Film score by Hans Zimmer
- Released: May 16, 1995
- Studio: Todd-AO Scoring Stage, Studio City, California; Sony Scoring Stage, Sony Pictures Studios, Culver City, California; AIR Studios, London; Media Ventures, Santa Monica, California;
- Genre: Electronic; orchestral;
- Length: 60:26
- Label: Hollywood
- Producer: Hans Zimmer; Jay Rifkin;

Hans Zimmer chronology
| Drop Zone (1994) | Crimson Tide (1995) | Beyond Rangoon (1995) |

= Crimson Tide (soundtrack) =

Crimson Tide (Music from the Original Motion Picture) is the film score composed by Hans Zimmer to the 1995 film Crimson Tide directed by Tony Scott. The score was released on May 16, 1995, and won a Grammy Award in 1996 for Best Instrumental Composition Written for a Motion Picture or for Television.

== Background ==
Hans Zimmer composed the score in his third collaboration with Tony Scott after Days of Thunder (1990) and True Romance (1993). Zimmer noted that his composition for Black Rain (1989) initiated the trend of action film scores having influenced by his composition and style for the film, which led to a different approach for Crimson Tide, being an "evolutionary step". The score employs a blend of orchestra, choir, and synthesizer sounds. Nick Glennie-Smith, besides providing additional music, also conducted the orchestra, while Harry Gregson-Williams conducted the choir. The score utilizes equipment from Euphonix, Yamaha, Spatializer, Steinberg. With the critical praise for Zimmer's score in Crimson Tide, Zimmer considered the film's music for The Peacemaker (1997) as a descendant of Crimson Tide, where he could manage to finish off all his ideas he did not get right in that film. Within the score is the well-known naval hymn, "Eternal Father, Strong to Save".

== Release ==
The score was released under the Hollywood Records label on May 16, 1995, in physical formats.
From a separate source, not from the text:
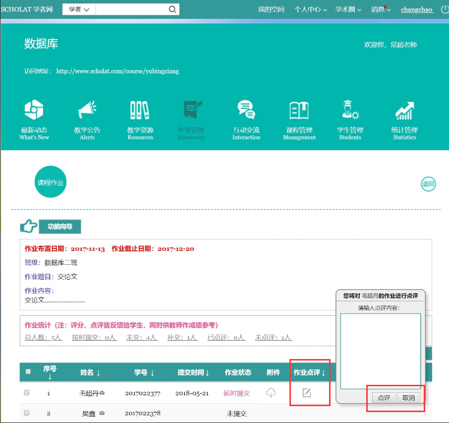 4、選擇要點評的學(xué)生作業(yè)進行作業(yè)點評
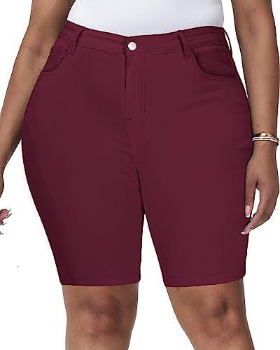 Gboomo Womens Plus Size Bermuda Shorts High Waist Shorts Skinny Stretchy Comfy Chino Shorts

The album features only five songs, each ranging from two to 23 minutes long.

== Reception ==
Craig Lysy of Movie Music UK wrote "This score was the catalyst that unleashed the Zimmer revolution, which forever transformed film score art [...] While Rain Man opened the door to Zimmer’s new methodology, Crimson Tide blew the door off its hinges, ushering in his new sound that would dominate Hollywood blockbuster films for decades. Indeed, as the Alfred Newman of our age, Zimmer mentored and fostered the development of a new generation of composers who utilized and adapted his techniques, which resonated with a new generation of movie goers who liked his bold modern approach. If Crimson Tide was the film score that unleashed the Zimmer revolution, the Alabama Anthem was what defined it. This proud, bold and powerful theme captured the film’s emotional core and fully realized Bruckheimer’s vision. In scene after scene Zimmer’s score was perfectly conceived, impactful and very successful in driving the film’s narrative."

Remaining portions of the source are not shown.